Stored data entries
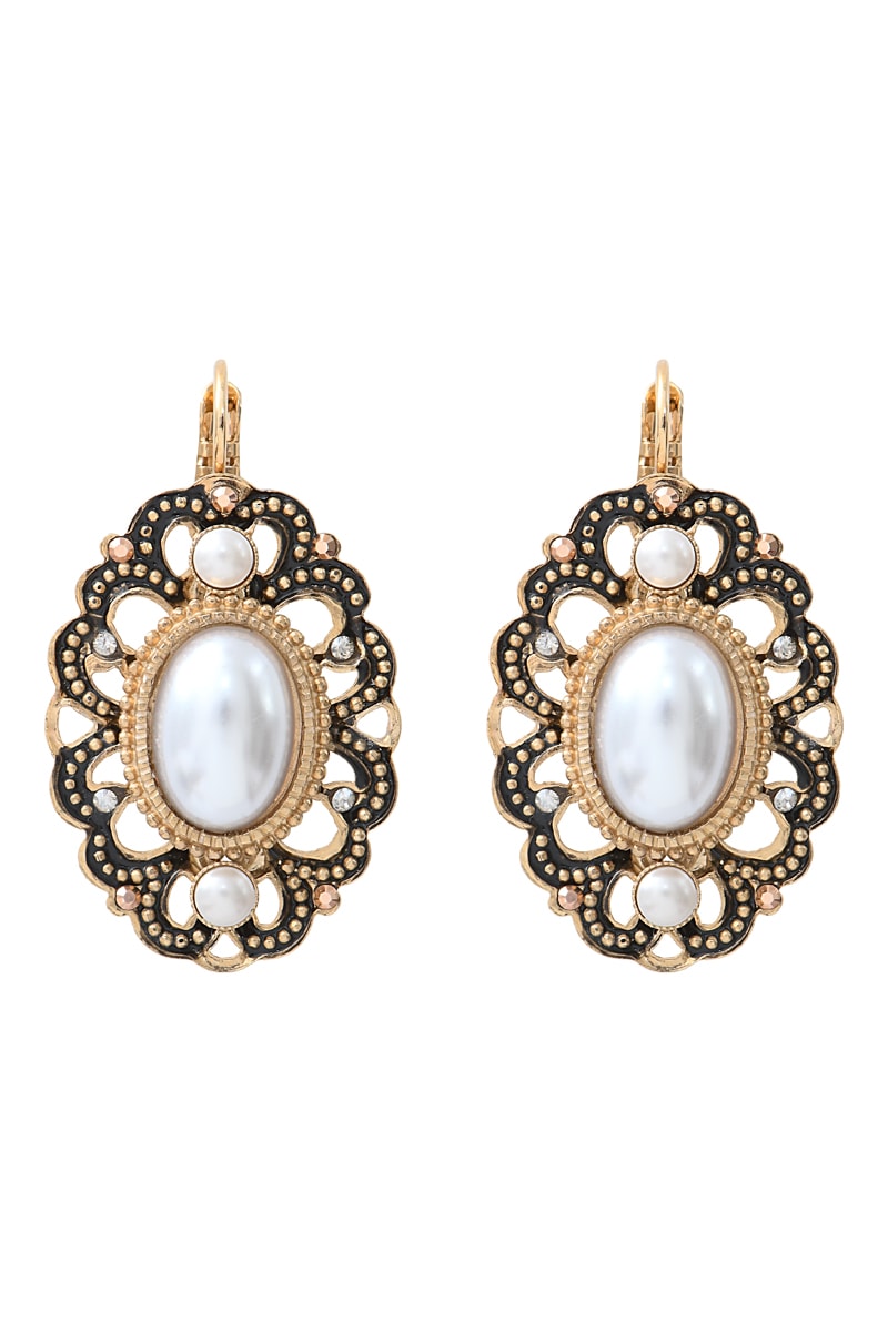 Boucles d’oreilles dorées à l’or fin jaune Ultima - Onyx et perles de culture d'eau douce
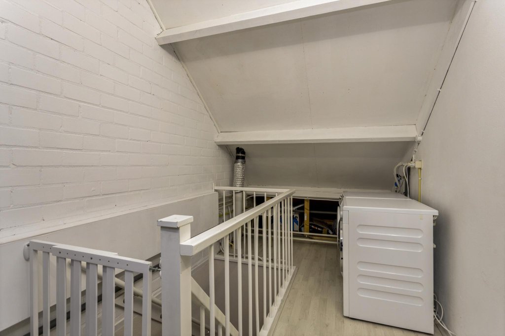 Via een vaste trap naar de tweede verdieping kom je tot slot bij een ruime overloop met ruimte voor een wasmachine, droger en is er veel opslagruimte. Op deze tweede verdieping bevindt zich dan uiteindelijk de ruime vierde slaapkamer met een kunststof dakkapel. Aan ruimte geen gebrek!
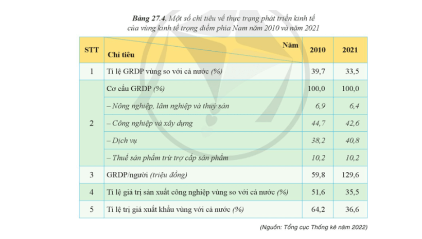 Nhận xét và giải thích: Nhìn chung vùng kinh tế trọng điểm phía Nam có cơ cấu GRDP năm 2021 hiện đại với tỉ trọng ngành công nghiệp xây dựng và dịch vụ cao, tỉ trọng ngành nông nghiệp, lâm nghiệp và thủy sản thấp, cụ thể:
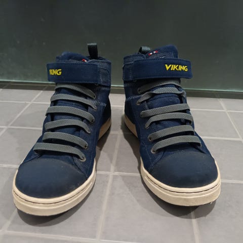 Vähänkäytetyt Vikingin korkeavartiset tennarit, koko 36. Waterproof. Kärjistä vähän rikki, muuten vain likaiset/pölyiset. Siistiminen ostajalle.
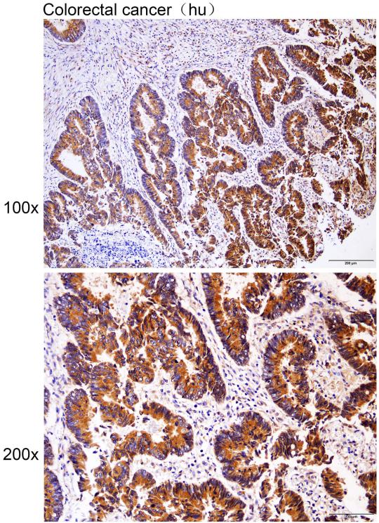 Immunohistochemistry of paraffin-embedded Human colorectal cancer with HSD17B6 antibody diluted at 1:50
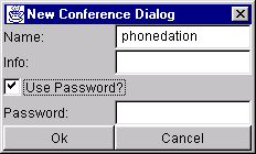 User can create new conference by clicking the "Create New Conference" button. A dialog box will pop out, and a new conference will be created after proper information is filled in. If the "Use Password?" checkbox is chosen, the conference will be private. In such a case,
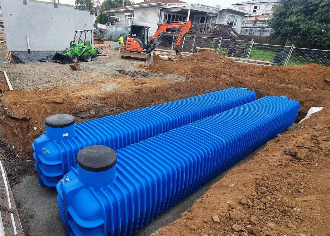 Promax septic tanks from 2,000L to 5,000L in ENDURO and XPRESS series. Single stage filtered system with Taylex outlet filter. Made from polyethylene to AS/NZS 1546 (on-site domestic wastewater treatment). ENDURO: rectangular shape, shallower excavation, 5-year pro-rata warranty. XPRESS: cylindrical shape, 5-year pro-rata warranty. Made in New Zealand.
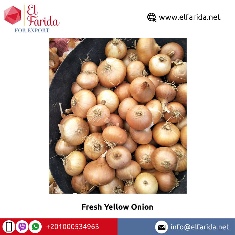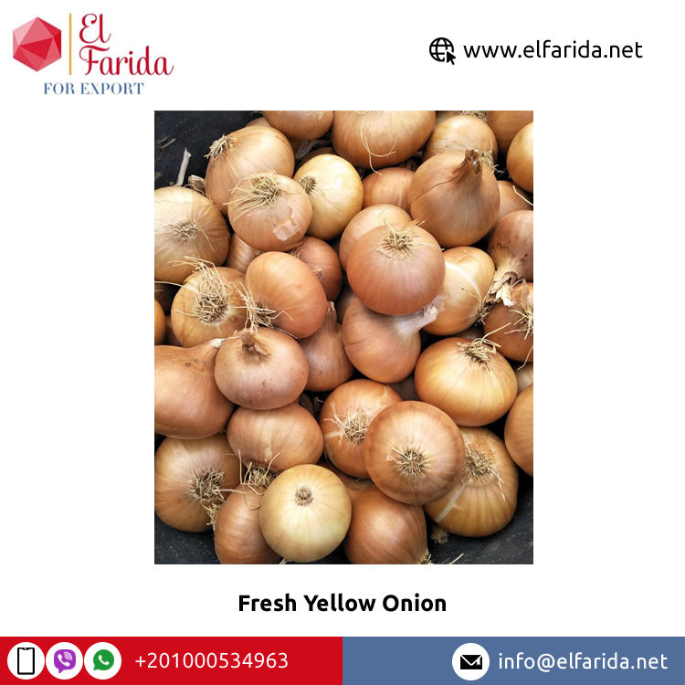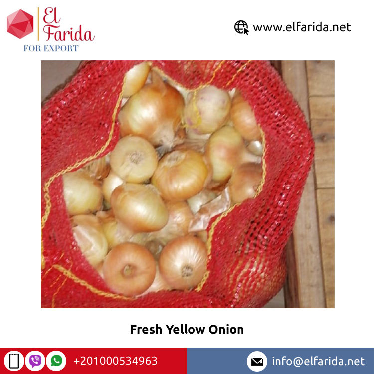 หัวหอมเหลืองสดเกรดพรีเมียมออร์แกนิก ยี่ห้อเอลฟาริดา บรรจุถุงตาข่าย 20/25 กก. ผลิตโดยตรงจากอียิปต์ ขายส่ง

GOAL OF THE EXERCISE
Write out exactly the lines from the one containing "User can create" through the last line of the records above, both ends included, and leave out any pictures.

RESPONSE BELOW
 User can create new conference by clicking the "Create New Conference" button. A dialog box will pop out, and a new conference will be created after proper information is filled in. If the "Use Password?" checkbox is chosen, the conference will be private. In such a case,
 Promax septic tanks from 2,000L to 5,000L in ENDURO and XPRESS series. Single stage filtered system with Taylex outlet filter. Made from polyethylene to AS/NZS 1546 (on-site domestic wastewater treatment). ENDURO: rectangular shape, shallower excavation, 5-year pro-rata warranty. XPRESS: cylindrical shape, 5-year pro-rata warranty. Made in New Zealand.
 หัวหอมเหลืองสดเกรดพรีเมียมออร์แกนิก ยี่ห้อเอลฟาริดา บรรจุถุงตาข่าย 20/25 กก. ผลิตโดยตรงจากอียิปต์ ขายส่ง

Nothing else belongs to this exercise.